You’ve heard the term before. “Shopaholic.” The reference is usually to someone always on the hunt for a new item, a bargain, or the quest to have the latest and the best. But oniomania—the clinical term for this behavior—is no joke. One in 12 people in the United States struggle with this disorder. Of those affected, 80-90 percent are women.
In her new book, Spent: Memoirs of a Shopping Addict, author Avis Cardella chronicles the years she battled her compulsion to fill her emotional void with shopping forays that ranged from purchasing top of the line luxury items to second-rate knock-offs.
Raised in a blue-collar working family, Cardella was impacted as a young girl by her mother’s distinctive style of dress. She became entranced with fashion magazines in her formative teen years.
The underlying cause that Cardella points to early in her narrative, as the catalyst for the obsession that would slowly take over her life, was the trauma of her mother’s death. In her opening sentence she wrote, “I used shopping to avoid myself.”

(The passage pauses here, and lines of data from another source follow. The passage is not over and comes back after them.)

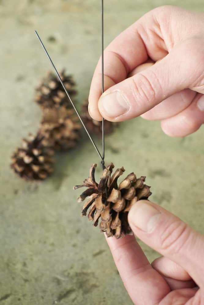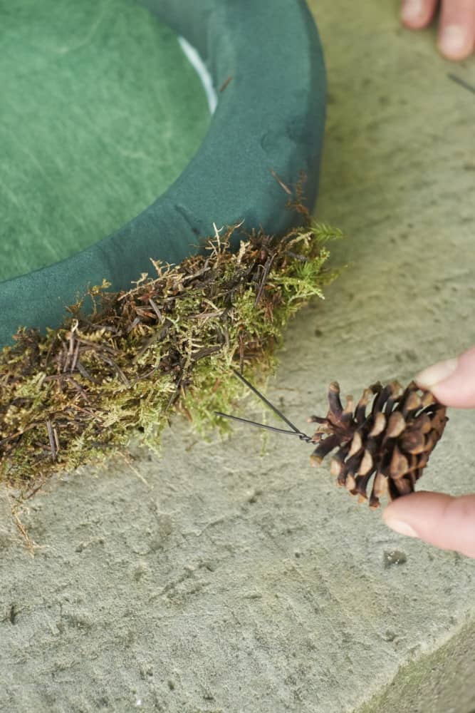 - Die Kiefernzapfen werden für einen flächig wirkenden Rand der Kreisgestaltung an ihren Spitzen angedrahtet, so dass sie im fertigen Werkstück die Unterseiten zeigen.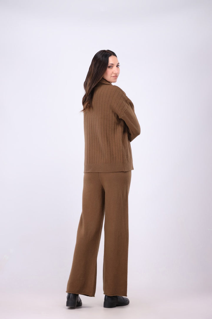 Relaxed fit cable knit sweater with turtle neck, quarter zip detail and long sleeves
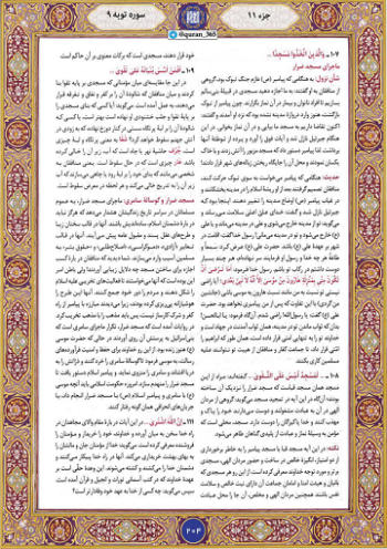 بنا بر روایت فارس،آغاز صفحه ۲۰۴ قرآن درباره مسجد ضرار است که منافقان آن را ساختند و خدا درباره آن فرمود که این مسجد باعث زیان، کفر و پراکندگی میان مؤمنان است و نیز کمینگاهی برای کسانی است که با خدا و پیامبر او از پیش در جنگ بودند و اکنون سخت سوگند میخورند که جز نیکی قصدی نداشتیم، ولی خدا گواهی میدهد که آنها قطعاً دروغگو هستند.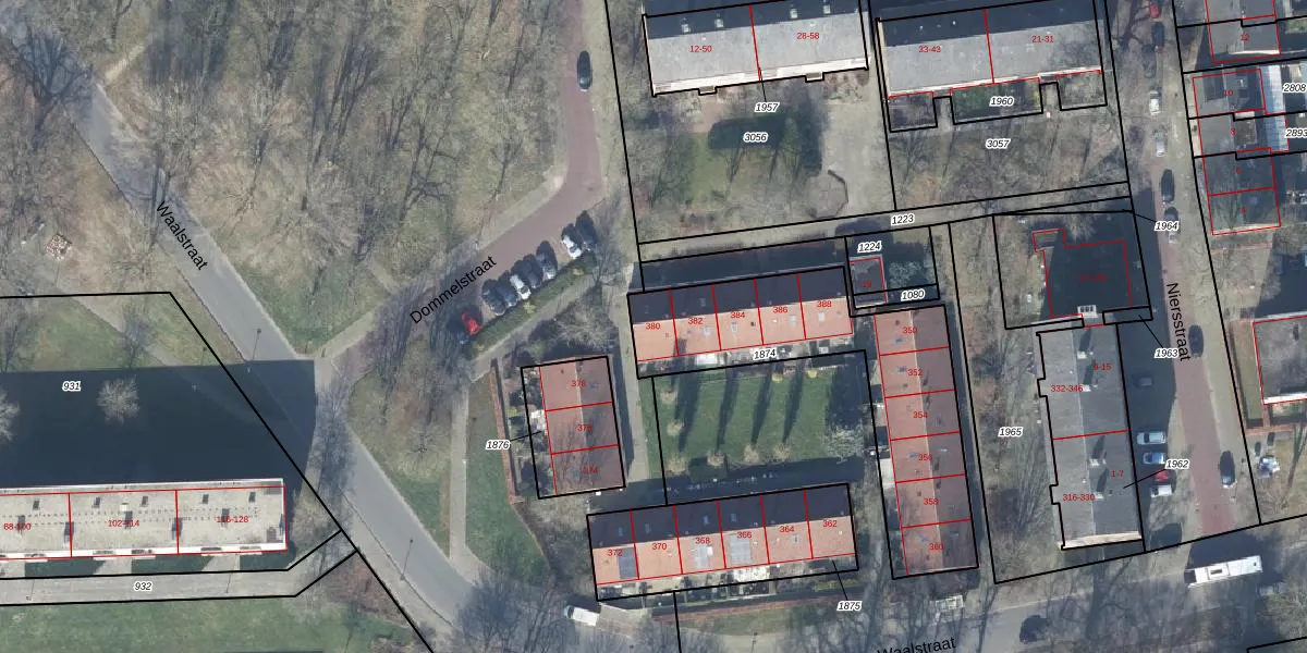 Het perceel waarop Waalstraat 380 staat heeft een oppervlakte van 959 m². Dit is een groot perceel. De perceeloppervlakte wordt geregistreerd door het Kadaster. Gedetailleerde informatie over de maten van dit perceel kunt u vinden in het rapport Kadastrale kaart met maatvoering van Waalstraat 380.

Cardella alternately describes her purchasing junkets as her escape, her boyfriend, her release, her therapy, and her drug. She came out of the fashion world—where she modeled briefly, was a photographer’s assistant, and then became a freelance writer. Throughout Spent, she lingers over descriptions of buttery suedes and designer creations cut from “dark blue lightweight gabardine wool.” Some readers may not be able to connect with her New York City lifestyle. However, they will certainly recognize her underlying desire to please others, her co-dependence on men, and her constant striving to replenish herself with another person’s love and approval.
In retrospect, Cardella realizes that she neglected to fully mourn her mother’s death.